Work order: From the listing below, reproduce exactly the lines starting with the one with "Black Crystal-Patterned Evening Handbag" and going on through the one with "S krovne terase", both ends kept. No picture is copied.

Given information:
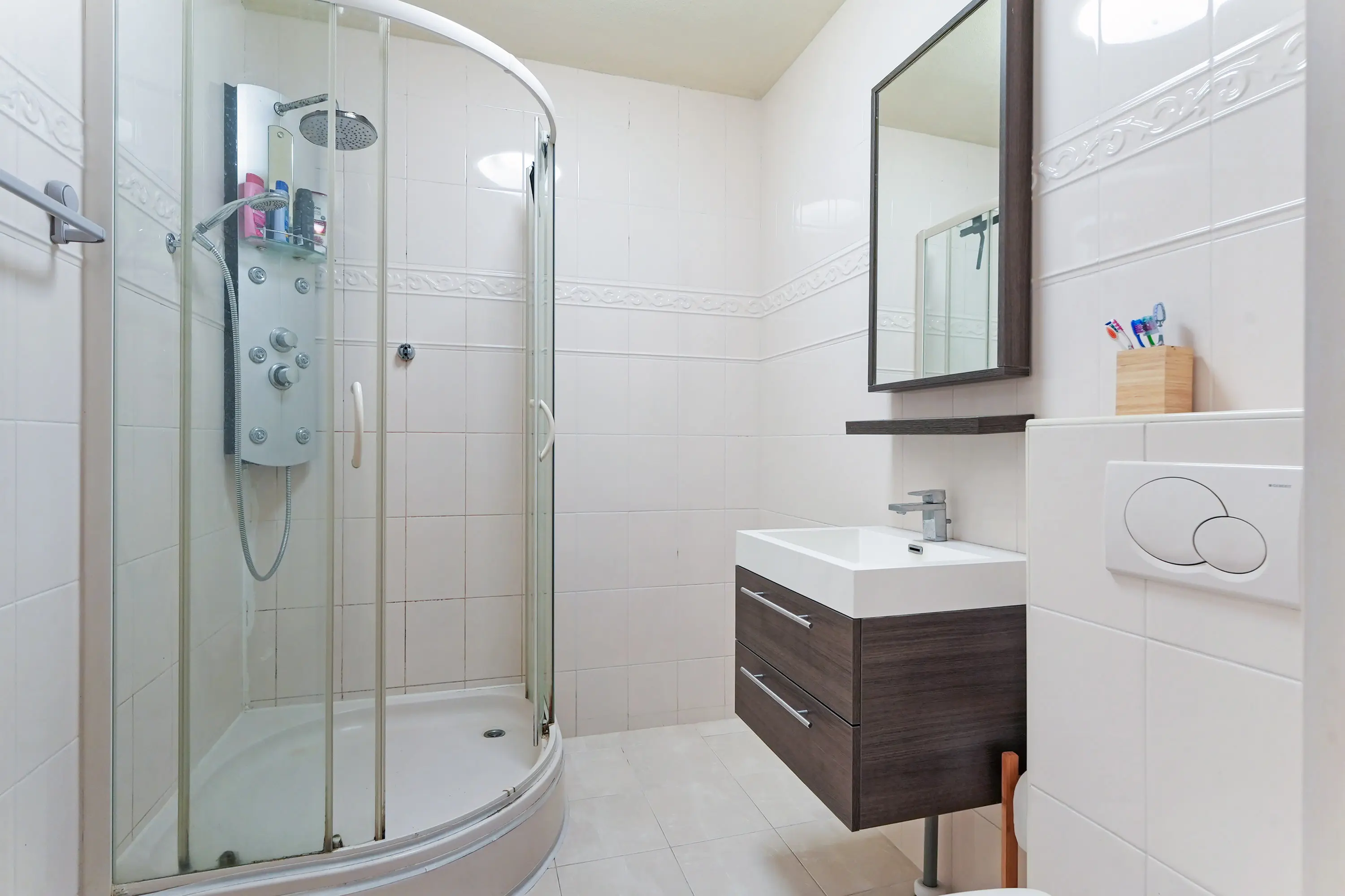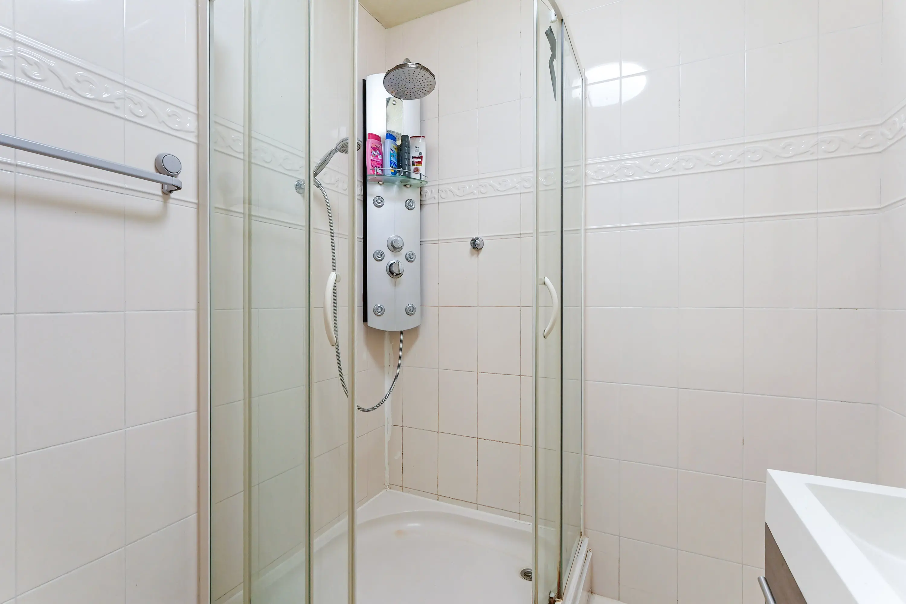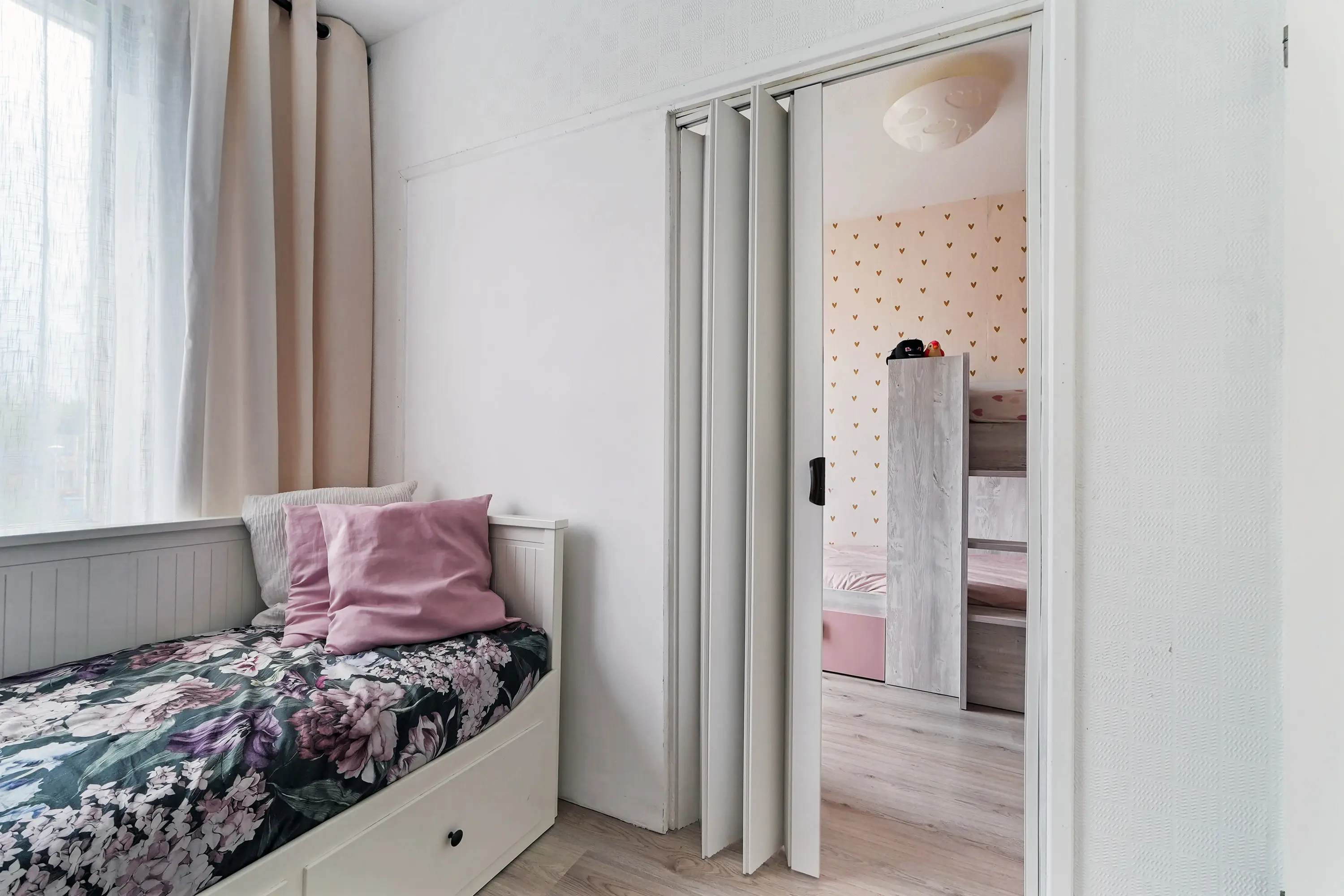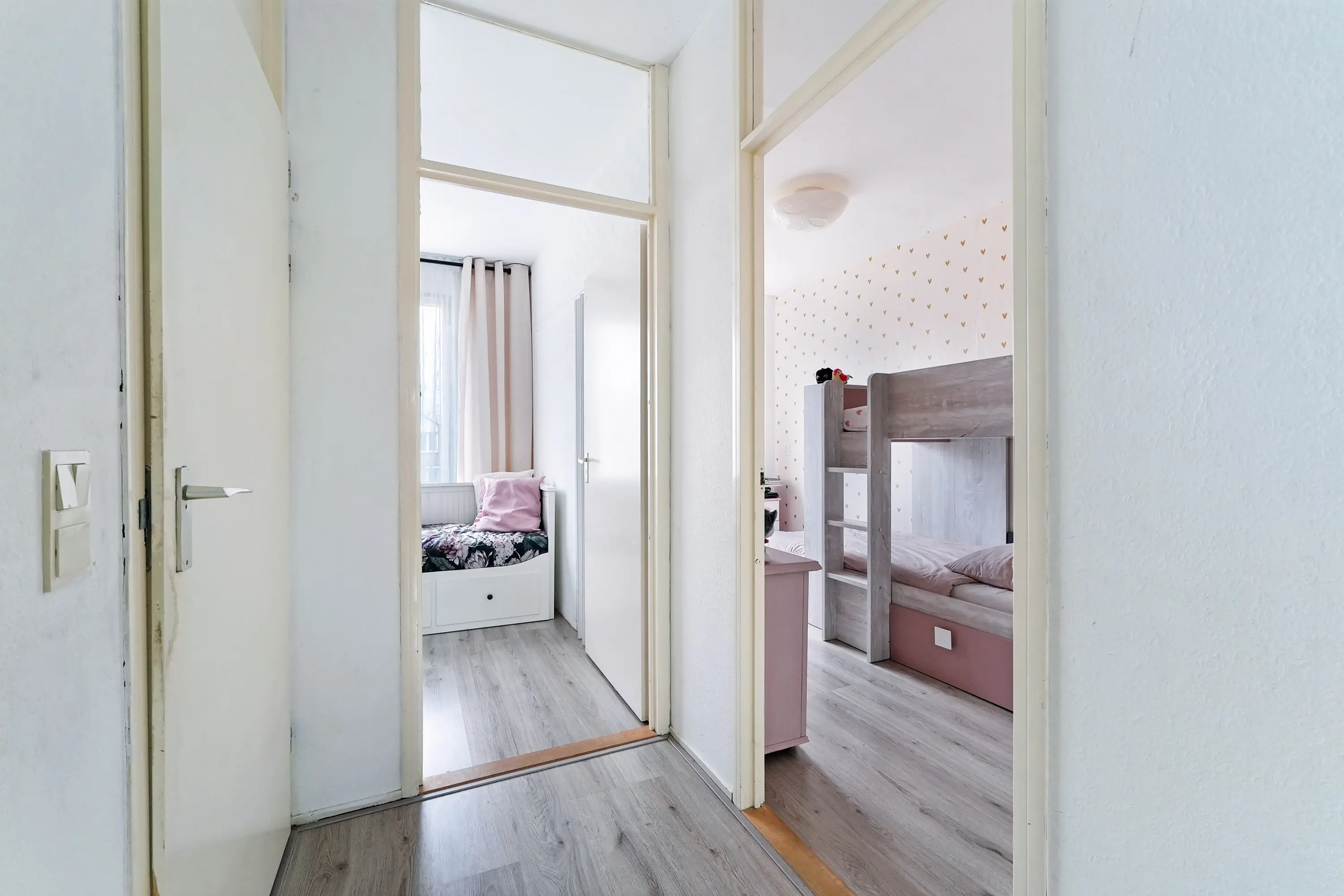 Overloop met vaste trap naar de 2e verdieping, slaapkamer 1 en slaapkamer 2 en 3 zijn gescheiden door een vouwdeur. Vervolgens een nette volledig betegelde badkamer voorzien van douchecabine, toilet en wastafelmeubel.
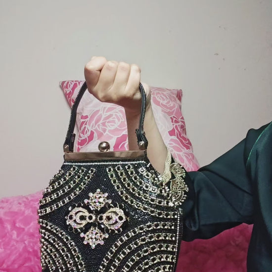 Black Crystal-Patterned Evening Handbag
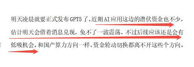 除了半导体跌,今天AI应用方向个股也是普跌,好几个人气股都走的跳空低开的K线,像鼎捷数智、万兴科技、当虹科技、因赛集团都是跳空往下跌,这也奠定了今天GPT5出来后,这个方向的潜伏盘在做兑现。
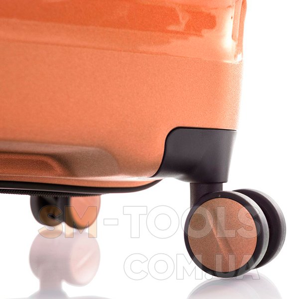 Чемодан оснащен четырьмя полноповоротными колесами системы Spinner с возможностью независимого разворота каждого колеса на 360 °. Системой предусмотрено равномерное перераспределение нагрузки на каждое колесо, что в свою очередь способствует плавному качению и маневренности чемодана, прилагая при этом минимум усилий.
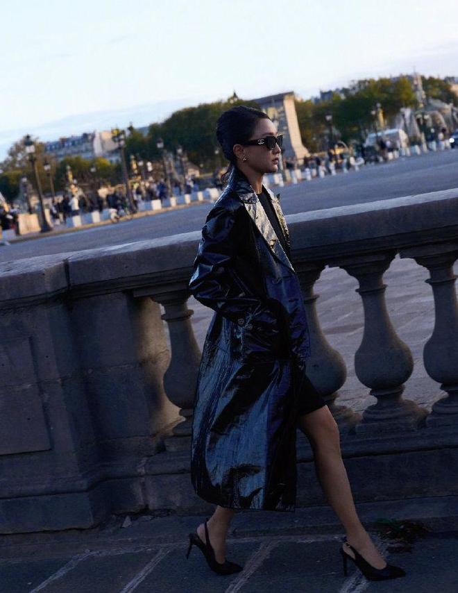 周迅身穿漆皮黑色长款风衣外套,垫肩设计和领口设计,搭配小黑裙,脚踩黑色高跟鞋,搭配黑色墨镜,气质优雅,格外迷人。
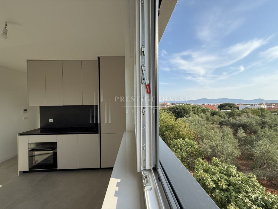 S krovne terase (od 51m2) se pruža prekrasan pogled na more i Sukošan do koje se dolazi unutarnjim stepenicama s lođe stana.
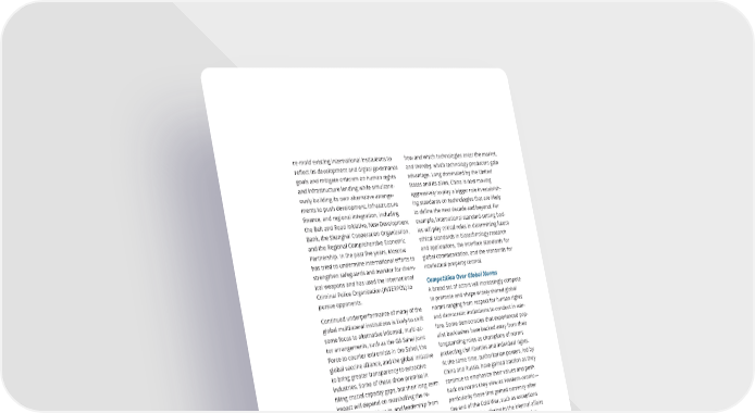 re-mold existing international institutions to how and which technologies enter the market, re昀氀ect its development and digital governance and thereby, which technology producers gain goals and mitigate criticism on human rights advantage. Long dominated by the United and infrastructure lending while simultane- States and its allies, China is now moving ously building its own alternative arrange- aggressively to play a bigger role in establish- ments to push development, infrastructure ing standards on technologies that are likely 昀椀nance, and regional integration, including to de昀椀ne the next decade and beyond. For the Belt and Road Initiative, New Development example, international standard-setting bod- Bank, the Shanghai Cooperation Organization, ies will play critical roles in determining future and the Regional Comprehensive Economic ethical standards in biotechnology research Partnership. In the past 昀椀ve years, Moscow and applications, the interface standards for has tried to undermine international e昀昀orts to global communication, and the standards for strengthen safeguards and monitor for chem- intellectual property control. ical weapons and has used the International Criminal Police Organization (INTERPOL) to Competition Over Global Norms pursue opponents. A broad set of actors will increasingly compete to promote and shape widely shared global Continued underperformance of many of the norms ranging from respect for human rights global multilateral institutions is likely to shift and democratic institutions to conduct in war- some focus to alternative informal, multi-ac- fare. Some democracies that experienced pop- tor arrangements, such as the G5 Sahel Joint ulist backlashes have backed away from their Force to counter extremists in the Sahel, the longstanding roles as champions of norms global vaccine alliance, and the global initiative protecting civil liberties and individual rights. to bring greater transparency to extractive At the same time, authoritarian powers, led by industries. Some of these show promise in China and Russia, have gained traction as they 昀椀lling crucial capacity gaps, but their long-term continue to emphasize their values and push impact will depend on marshalling the re- back on norms they view as Western-centric— sources, political buy-in, and leadership from particularly those that gained currency after major and regional powers. Some regions, the end of the Cold War, such as exceptions particularly Sub-Saharan Africa, Europe, and that allow for interfering in the internal a昀昀airs Southeast Asia, are likely to continue moves of member states to defend human rights. to strengthen regional organizations and During the next 20 years, this competition integration, whereas other regions are likely probably will make it harder to maintain com- to struggle to cooperate because of lingering mitment to many established norms and to inter-state divisions. develop new ones to govern behavior in new Standards as a Battlespace domains, including cyber, space, sea beds, International standards agreements sup- and the Arctic. Existing institutions and norms port the emergence of new technologies by are not well designed for evolving areas such reducing market uncertainty and establish- as biotechnology, cyber, and environmental ing norms. Membership on standard-setting response and for the growing number of new bodies is increasingly competitive, largely actors operating in space. Many norm-setting because of the in昀氀uence these bodies have on e昀昀orts may shift from consensus-based, uni- 100 GLOBAL TRENDS 2040

Response for this exercise:
 Black Crystal-Patterned Evening Handbag
 除了半导体跌,今天AI应用方向个股也是普跌,好几个人气股都走的跳空低开的K线,像鼎捷数智、万兴科技、当虹科技、因赛集团都是跳空往下跌,这也奠定了今天GPT5出来后,这个方向的潜伏盘在做兑现。
 Чемодан оснащен четырьмя полноповоротными колесами системы Spinner с возможностью независимого разворота каждого колеса на 360 °. Системой предусмотрено равномерное перераспределение нагрузки на каждое колесо, что в свою очередь способствует плавному качению и маневренности чемодана, прилагая при этом минимум усилий.
 周迅身穿漆皮黑色长款风衣外套,垫肩设计和领口设计,搭配小黑裙,脚踩黑色高跟鞋,搭配黑色墨镜,气质优雅,格外迷人。
 S krovne terase (od 51m2) se pruža prekrasan pogled na more i Sukošan do koje se dolazi unutarnjim stepenicama s lođe stana.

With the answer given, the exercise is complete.